Adaptive Retrieval and Scalable Indexing for k-NN Search with Cross-Encoders

Cross-encoder (CE) models which compute similarity by jointly encoding a query-item pair perform better than embedding-based models (dual-encoders) at estimating query-item relevance. Existing approaches perform k-NN search with CE by approximating the CE similarity with a vector embedding space fit either with dual-encoders (DE) or CUR matrix factorization. DE-based retrieve-and-rerank approaches suffer from poor recall on new domains and the retrieval with DE is decoupled from the CE. While CUR-based approaches can be more accurate than the DE-based approach, they require a prohibitively large number of CE calls to compute item embeddings, thus making it impractical for deployment at scale.
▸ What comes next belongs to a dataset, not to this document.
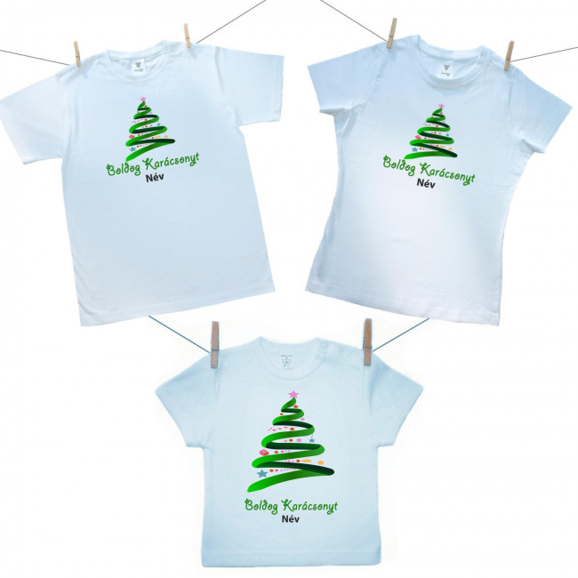 Családi szett (rövid ujjú póló) Boldog Karácsonyt (névvel)

In this paper, we address these shortcomings with our proposed sparse-matrix factorization based method that efficiently computes latent query and item embeddings to approximate CE scores and performs k-NN search with the approximate CE similarity. We compute item embeddings offline by factorizing a sparse matrix containing query-item CE scores for a set of train queries. Our method produces a high-quality approximation while requiring only a fraction of CE calls as compared to CUR-based methods, and allows for leveraging DE to initialize the embedding space while avoiding compute- and resource-intensive finetuning of DE via distillation. At test time, the item embeddings remain fixed and retrieval occurs over rounds, alternating between a) estimating the test query embedding by minimizing error in approximating CE scores of items retrieved thus far, and b) using the updated test query embedding for retrieving more items. Our k-NN search method improves recall by up to 5% (k=1) and 54% (k=100) over DE-based approaches. Additionally, our indexing approach achieves a speedup of up to 100x over CUR-based and 5x over DE distillation methods, while matching or improving k-NN search recall over baselines.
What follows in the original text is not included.